Scrolling through various blogs and web sites I have also seen confirmed that we face many of the same risks to ourselves as my fellow survivors of childhood abuse, sexual and otherwise, most pointedly suicide. Which doesn’t make me suicidal. Just so you know. It’s just one of those options I have kept in my back pocket since it seemed clear, however wrong, that I would be dead of AIDS-related illness before the 90s were finished. Of course it’s also a tragic reality among those who suffer from post-traumatic stress disorder (PTSD), as we have heard about too often in connection with soldiers returning from Afghanistan or other battle-weary countries.
To be frank I am feeling very optimistic about my process right now. My p-doc is closely monitoring me as I add another “head med”, as I call them, to my cocktail of HIV, diabetes and bipolar medications. Spring has, for many years, been a time of hypomania which I used to refer to simply as an absence of depression. But it got much worse than a passive absence. When the cat (or black dog) is away, well…I played alot. Absent of depression, present with feelings I thought I could control, a deception of self that alcoholics often talk about, too.

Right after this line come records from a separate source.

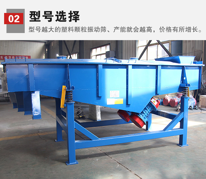 2、型號選擇:各種塑料顆粒振動篩型號多樣,型號越大的塑料顆粒振動篩、產(chǎn)能就會越高,相應(yīng)的價(jià)格也會有所增長。
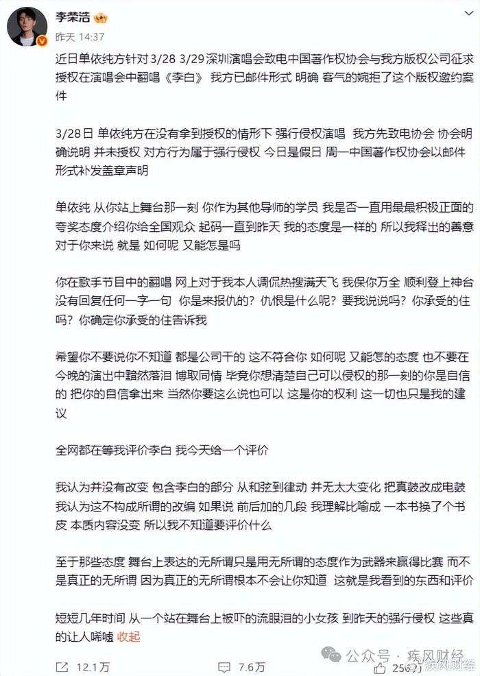 **吃瓜简评:从力挺到炮轰——李荣浩怒斥单依纯“你是来报仇的吗?”**,音乐圈一振动,李荣浩与单依纯之间的纠纷引发了全网关注,这场风波不仅是版权争议,更是行业信任与责任的缩影。,**戏剧性全开:五轮交锋,真相逐渐浮出水面**,2026年3月29日,一场轰动一时的风波在社交媒体上爆发,李荣浩在微博上公开炮轰单依纯,指责其在明确拒绝授权后仍在售票演唱会中“强行侵权”演唱《李白》,这一消息迅速登上热搜,网友们纷纷热议,纷纷谴责单依纯的行为。,从前辈提携到如今的公开对质,这场纠纷的根源可以追溯到2025年《歌手2025》节目中单依纯的表现,当时,李荣浩选择沉默,默许单依纯在节目中改编《李白》,当他明确拒绝授权后,单依纯却将这首被他反感的版本用于个人售票演唱会,并配合粉丝对李荣浩进行网暴,这一系列行为彻底激怒了李荣浩。,**法律与道德的夹缝:艺人责任难以推卸**,法律层面上,根据《著作权法》第24条、第40条,商业性演出不属于法定许可情形,必须获得著作权人个别授权,中国音乐著作权协会(音著协)的集体管理仅覆盖一般性使用,但著作权人保留拒绝权,李荣浩作为版权方有权拒绝授权,而单依纯作为艺人,在已收到明确拒绝通知后仍故意演唱,已构成明知故犯的侵权。,从道德角度看,艺人在商业运作中拥有核心决策权,单依纯名下两家企业均为她个人全资控股,且在巡演中担任总监制,这种“艺人中心制”模式要求艺人对每一环节负有最终责任,单依纯明知未授权仍演唱,不仅违反了法律,也严重违背了职业道德。,**行业信任危机:合作背后的信用缺失**,音乐行业中,合作、推荐、背书是极其重要的信用资本,李荣浩曾是单依纯的前辈提携,在《中国好声音》中力挺她,2024年还现身她的南京巡演同台合唱,当李荣浩明确拒绝授权后,单依纯依然选择以“未核实授权”为由为自己开脱,并配合粉丝对李荣浩进行人身攻击,这种“任性”行为不仅让李荣浩感到被冒犯,更反映出行业内信任缺失的严重问题。,**吃瓜角度:网友热议与事件影响**,网友们对这场风波反应热烈,有人认为单依纯的行为“亵渣”,有人则为她开脱,从法律和道德的角度来看,单依纯的行为无可辩驳,李荣浩的愤怒不仅来自版权侵权,更来自于单依纯不顾前辈的提携和合作,任性妄为,网友们纷纷呼吁行业内加强版权意识,规范商业合作行为。,这场风波也为行业敲响了警钟,热门翻唱在演出中常被用作吸引现场情绪的利器,但演唱会并非情绪表达的真空地带,每一首歌都对应着权利人、分账体系与合同结构,无论最终如何收场,一个最朴素的道理从未改变:在商业演出中演唱他人作品,必须获得授权,这不仅是法律的要求,也是对创作本身最基本的尊重。,**版权纠纷背后的行业变革**,这场风波不仅是一起简单的版权纠纷,更是音乐行业信任与责任的缩影,它提醒我们,在追求商业利润的同时,更要尊重创作权,遵守行业规则,希望未来音乐产业能够在版权保护和艺人自由创作之间找到更好的平衡,让合作成为一种可靠的信用关系,而不是一场不断发生的冲突。
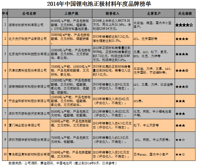 2014年中國鋰電池正極材料年度品牌榜單發(fā)布
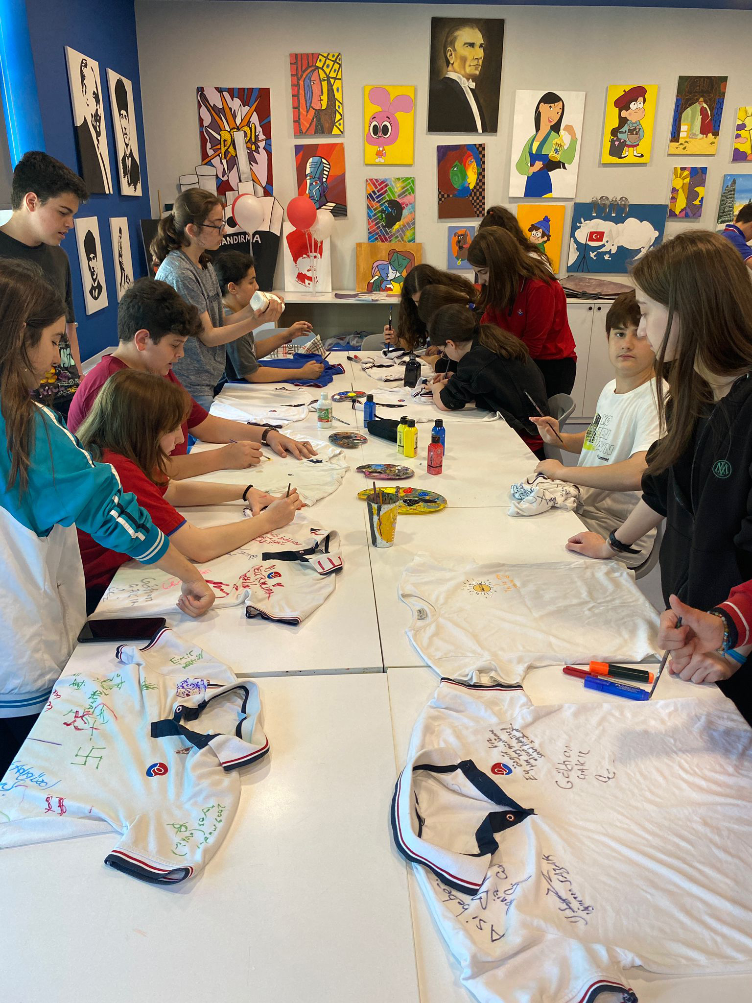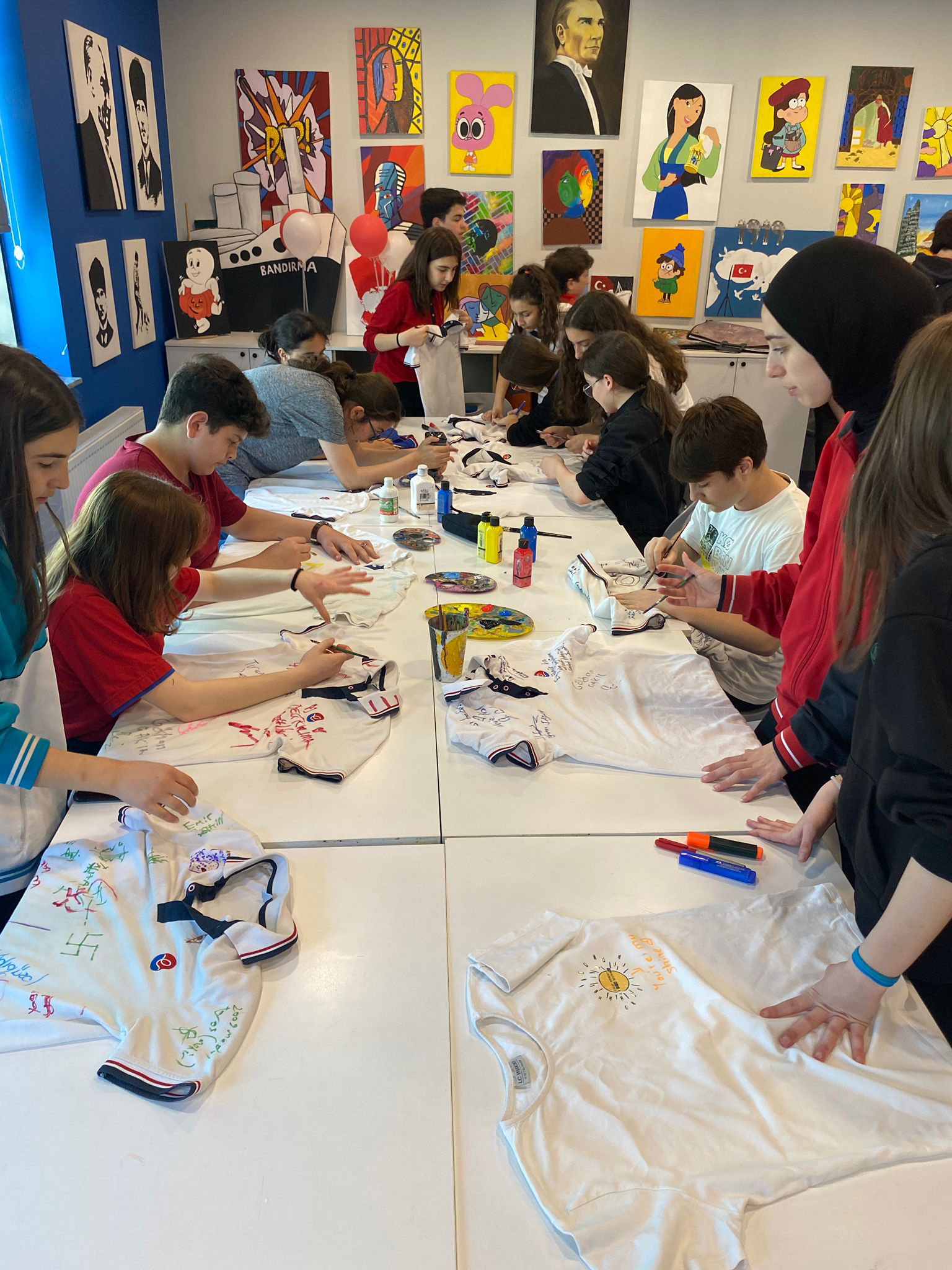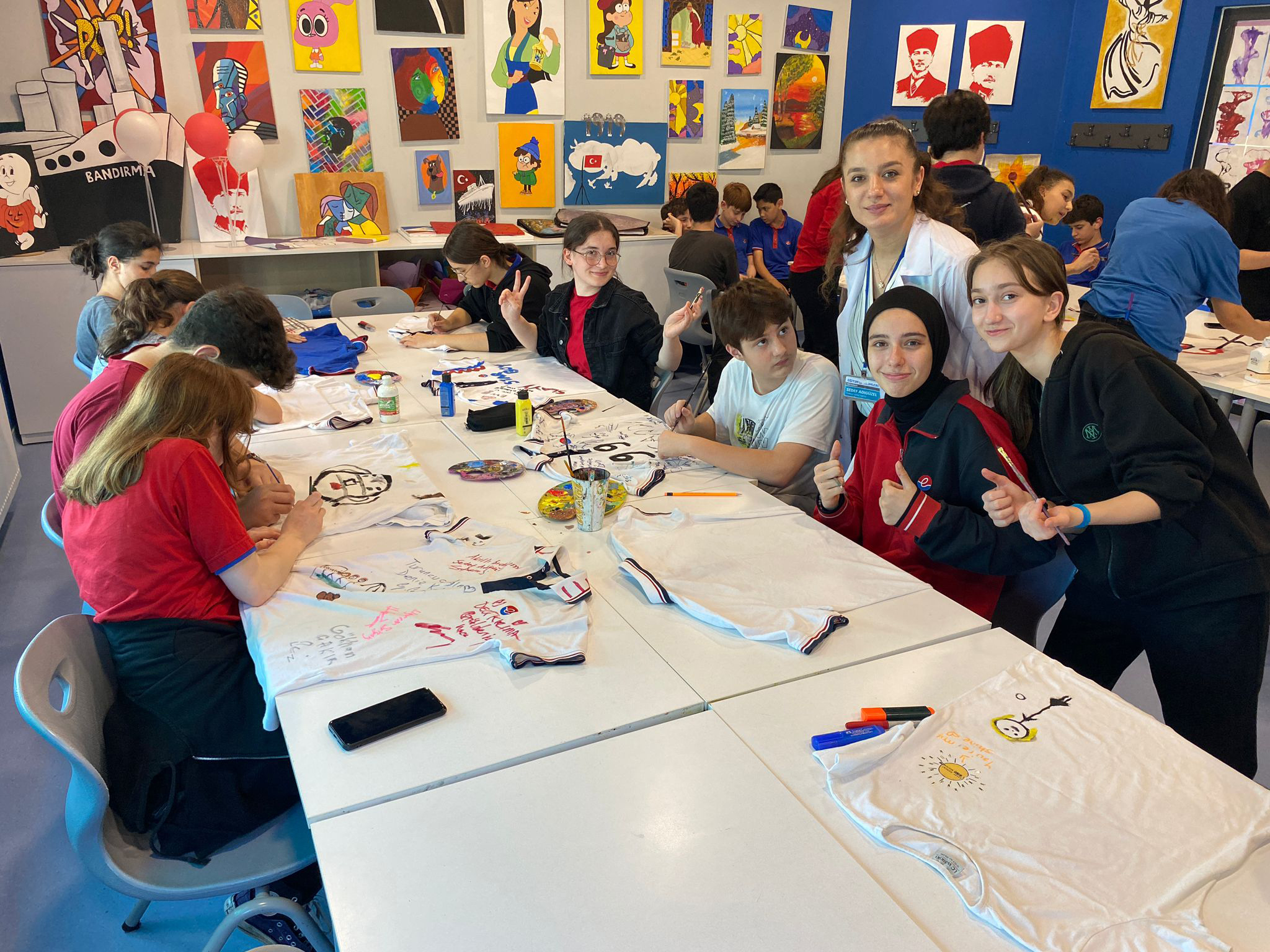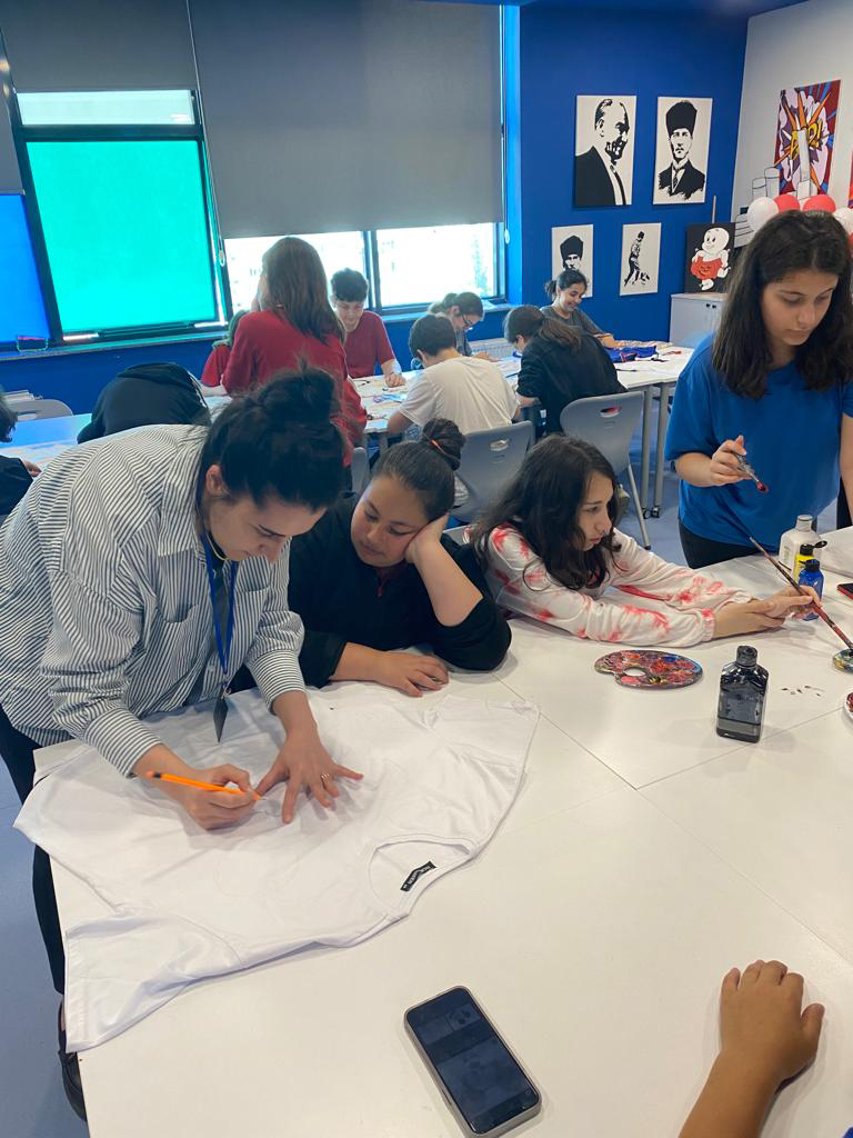 Atakum Samsun Eğitim Bilimleri okulumuzun 8. sınıf öğrencileri, stresten arınmak ve yaratıcılıklarını ortaya çıkarmak için bir tişört boyama etkinliğinde buluştu. Renklerle stresi yok eden öğrencilerimiz, kendi tasarımlarını tişörtlere aktararak eğlenceli bir deneyim yaşadılar. Bu etkinlik sayesinde öğrencilerimiz, sanatın terapötik gücünü deneyimleyerek stresi ve gerginliği geride bıraktılar. Kendi yaratıcılıklarını sergileme fırsatı bulan öğrencilerimiz, birlikte keyifli anlar paylaşarak birbirlerini motive ettiler. Atakum Samsun Eğitim Bilimleri okulu olarak, öğrencilerimizin stresle başa çıkma becerilerini geliştirmek ve kendilerini ifade etme imkanı sunmak amacıyla bu tür etkinliklere önem veriyoruz.

I have often described the feeling of hearing the Bipolar II diagnosis, and the ways it fits me, as a day of sweet relief. It was difficult enough to live with a lifetime of, let’s say, ultimately poor decisions; I was glad to hear a biological explanation for them It doesn’t absolve me of everything but I have more compassion for myself and others.
Anyway the new med seems to be helping a lot. There are fewer sleepless nights, especially deliberately sleepless nights and I’m back on an even keel that I have experienced many times before on this journey.
Here is a series of three recent photographs taken here in Toronto, Canada, which I call Walking past colours
I’m very close to finishing the book Survivor – Auschwitz, The Death March and My Fight for Freedom by Sam Pivnik and some two-thirds of the way through I was jolted by this passage:
We could have run, could have made it, could have reached the welcoming arms of the British, who surely wouldn’t fire on scarecrows wearing the stripes of a concentration camp? But we didn’t. None of us. And it’s something I’ve read about since in the memoirs of other survivors. The years of terror, of barbed wire, of electric fences, they never leave you. You turn in on yourself, hiding in the only Hell you know. Why? Because out there, in those fields and woodlands, across the ploughed farmland of North Germany was a world I didn’t know at all. I was just thirteen when the Wehrmacht invaded my homeland and in a way my life had been put on hold ever since. In a word, I was too scared to run away.
Almost an entire shelf of my book cabinet is stocked with various accounts of the Holocaust, a collection I started with Primo Levi’s Survival in Auschwitz on the recommendation of a psychiatrist I was seeing for post-traumatic stress that followed a serious accident in 2003.
While the ‘woulda, coulda, shouldas’ of Pivnik’s experience differ greatly from my own, I recognize my own mindset in how I processed difficulties in my childhood. (By the time I was Pivnik’s thirteen years of age, I had experienced this example of the drubbing of a head teacher/principal in elementary school and the sexual abuse and subsequent exploitation at what I would now recognize as a sexual cruising area.)
I have long since absolved myself, intellectually at least, of any guilt in these matters. However Pivnik’s laser-like identification of lingering fear – my fear, too, of the world – has amazing resonance with me. It’s not the first time I have named fear as a foundational part of my emotional operating system, and I could quantify it in reviewing the hypomanic behaviour which has characterized my history with bipolar II, but to read Pivnik’s account is to affirm how I can relate my experience with what has followed.
(I still aspire to writing my life story, such as it is, told only in fits and starts in this blog.)